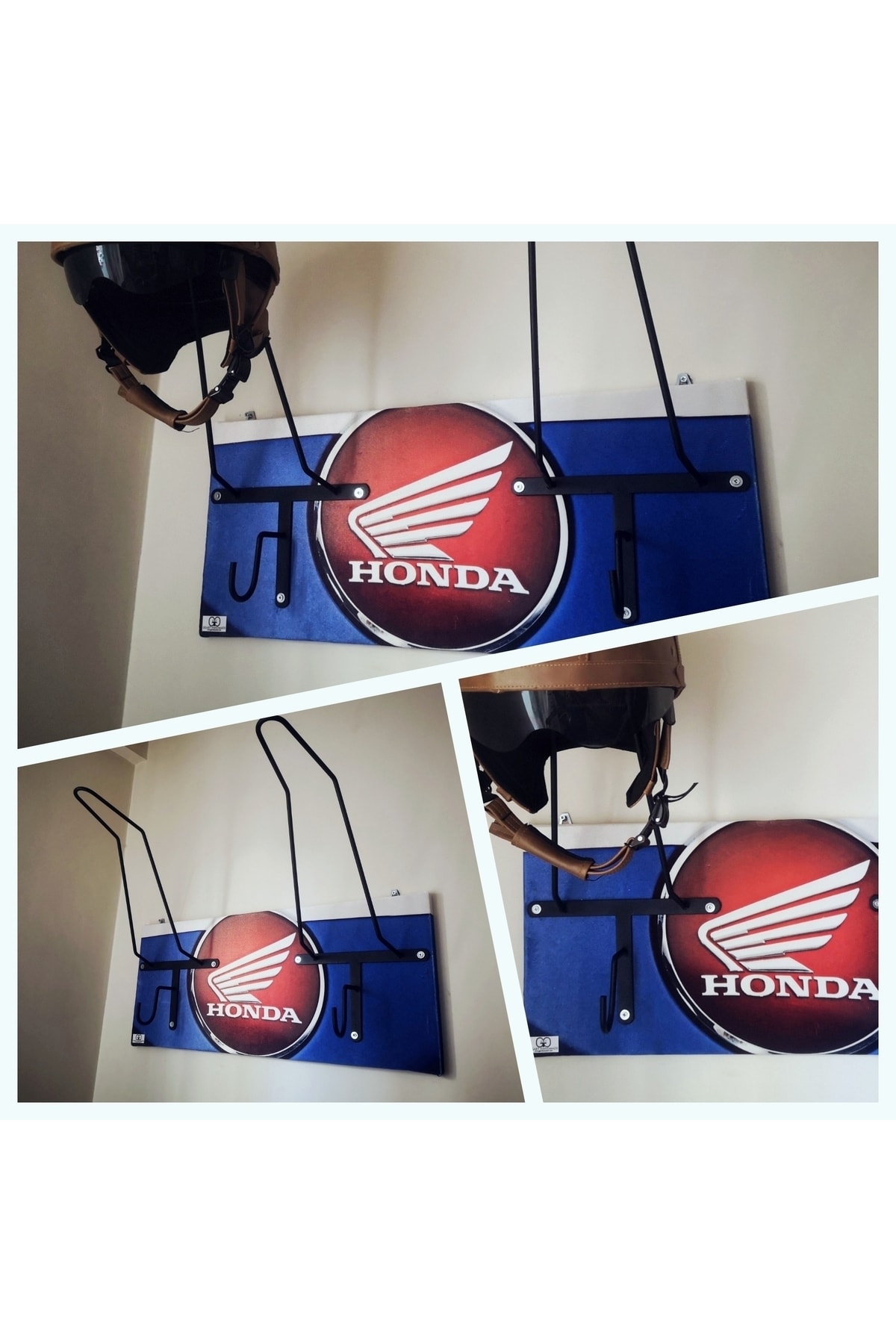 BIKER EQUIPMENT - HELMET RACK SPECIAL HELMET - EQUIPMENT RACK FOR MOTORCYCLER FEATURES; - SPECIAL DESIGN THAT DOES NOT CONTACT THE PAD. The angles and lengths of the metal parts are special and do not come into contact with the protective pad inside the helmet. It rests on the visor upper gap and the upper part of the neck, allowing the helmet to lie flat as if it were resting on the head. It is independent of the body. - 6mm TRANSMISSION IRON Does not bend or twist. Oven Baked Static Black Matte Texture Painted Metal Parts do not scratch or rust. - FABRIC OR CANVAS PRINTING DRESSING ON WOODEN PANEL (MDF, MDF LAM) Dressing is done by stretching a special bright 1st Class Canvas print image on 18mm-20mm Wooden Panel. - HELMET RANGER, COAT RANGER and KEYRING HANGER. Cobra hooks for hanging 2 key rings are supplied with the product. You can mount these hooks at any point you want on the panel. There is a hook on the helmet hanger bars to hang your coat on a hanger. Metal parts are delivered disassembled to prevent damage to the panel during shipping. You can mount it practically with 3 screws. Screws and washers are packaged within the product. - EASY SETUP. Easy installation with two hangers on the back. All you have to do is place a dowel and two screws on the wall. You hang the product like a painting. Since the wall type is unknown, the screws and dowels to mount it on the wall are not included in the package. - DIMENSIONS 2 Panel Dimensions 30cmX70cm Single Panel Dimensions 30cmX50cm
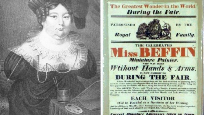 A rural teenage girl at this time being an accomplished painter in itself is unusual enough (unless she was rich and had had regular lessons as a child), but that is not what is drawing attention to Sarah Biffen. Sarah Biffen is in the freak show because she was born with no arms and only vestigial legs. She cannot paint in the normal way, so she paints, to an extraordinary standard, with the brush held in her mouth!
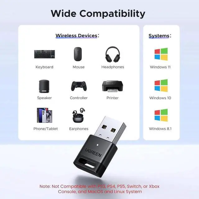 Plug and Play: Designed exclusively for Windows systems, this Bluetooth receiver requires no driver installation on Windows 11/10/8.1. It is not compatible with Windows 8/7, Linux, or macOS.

__________________________________________________

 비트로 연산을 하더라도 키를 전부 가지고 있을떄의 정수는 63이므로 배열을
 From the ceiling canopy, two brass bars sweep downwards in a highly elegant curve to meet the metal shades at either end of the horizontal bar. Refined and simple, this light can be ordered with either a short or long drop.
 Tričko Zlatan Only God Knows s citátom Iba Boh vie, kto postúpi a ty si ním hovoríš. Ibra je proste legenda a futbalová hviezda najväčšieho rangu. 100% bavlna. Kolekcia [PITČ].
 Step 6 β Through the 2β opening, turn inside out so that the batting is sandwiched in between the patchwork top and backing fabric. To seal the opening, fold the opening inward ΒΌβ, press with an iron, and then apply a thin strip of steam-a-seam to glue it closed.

__________________________________________________

◆ What needs to be done
Please copy the lines above from the line with "Tričko Zlatan Only" up to and including the line with "Step 6 β Through", exactly as written and with nothing else.

◆ Solution for this problem
 Tričko Zlatan Only God Knows s citátom Iba Boh vie, kto postúpi a ty si ním hovoríš. Ibra je proste legenda a futbalová hviezda najväčšieho rangu. 100% bavlna. Kolekcia [PITČ].
 Step 6 β Through the 2β opening, turn inside out so that the batting is sandwiched in between the patchwork top and backing fabric. To seal the opening, fold the opening inward ΒΌβ, press with an iron, and then apply a thin strip of steam-a-seam to glue it closed.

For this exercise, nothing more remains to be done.